The dbUpsert package provides functions that interact with SQL databases
to “upsert” (update and/or insert) dataframe objects in R environments
to a table in a SQL database. Separately the package provides functions
to handle UPDATE
statements to tables in SQL using R dataframes. The
package is built on top of the DBI
package and uses its underlying functions to write table data and send
SQL statements to the server.
This package is ideal for data pipeline tasks, or ETL processes in R.
Currently supported RDBMS’s include:
- postgresql
- Microsoft SQL Server (with limitations)
Planned support for RDMBS’s include:
- MySQL
- Any ANSI SQL backend
The end goal is to make this package completely ANSI SQL compliant. However, in order to implement most of the error handling, this package queries data from the SQL information schema. Each RDMBS handles tracking primary keys differently, and this makes the fully ANSI SQL version difficult to accomplish. Eventually, compromises will be made, with richer feature sets for the supported RDBMS’s.
Currently, this package is only available by installing from github, or
building from source. To install from github, you must first have the
devtools
package installed.
library(devtools)
install_github("timeddilation/dbUpsert")
The functions contained in this package handle the interactions with the database to get information about the target SQL table. This includes getting the columns from a table, their data types, null-ability, and which column(s) are used for the primary key.
In order to get the full functionality of this package, one must connect to the SQL database with a user account that can create tables, read and write to tables, and query the DB’s information schema.

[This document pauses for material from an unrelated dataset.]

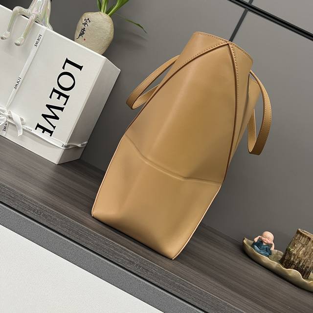 The new Lw small glossy calfskin Puzzle Fold Tote features the iconic geometric lines of the signature bag, redesigned with graphic and architectural panels to allow it to fold completely flat. It is adorned with an understated Lw branding logo and can be carried by hand. The suede lining features Lw gold foil stamping. Size: 25.5*14.5*31.5CM. Model: 052316.

In all cases, regardless of the RDBMS being used, the generated SQL statements that actually perform the inserts and updates are ANSI SQL standard.
The dbUpsertTable()
function allows one to insert and update data from
an R dataframe object (or any object that can be coerced as one) to a
single target table in a SQL database. There are some stipulations for
this to work, however.
- The target SQL table must have a primary key
- The target SQL table’s primary key cannot be an identity/sequence
- You must provide the primary key values to insert or update by in your table value
In addition, inserts and update are handled by column names in your R
dataframe. The names in your dataframe must be an exact match to the
column names in the SQL table. While this works in the majority of
cases, ANSI SQL permits spaces in column names, whereas R’s dataframe
does not. Although you should not have spaces in your SQL table column
names, if you do, you can use R’s data.table
library instead of base
dataframes to circumvent this.
Currently, only postgresql is fully supported, and [MS] SQL Server is partially supported. This is due to the error checking and automating the function parameters the package does prior to sending any data to the SQL database.
The functions will will display an error if any non-nullable values are missing or the column(s) for the primary key is missing. The function will warn you if you provide columns that do not exist in the target SQL table, but will perform the upsert anyways.
The dbUpdateTable()
function will try to automatically update the
target SQL table by primary key or identity unless otherwise specified.
One may specify columns manually to join by to perform the update.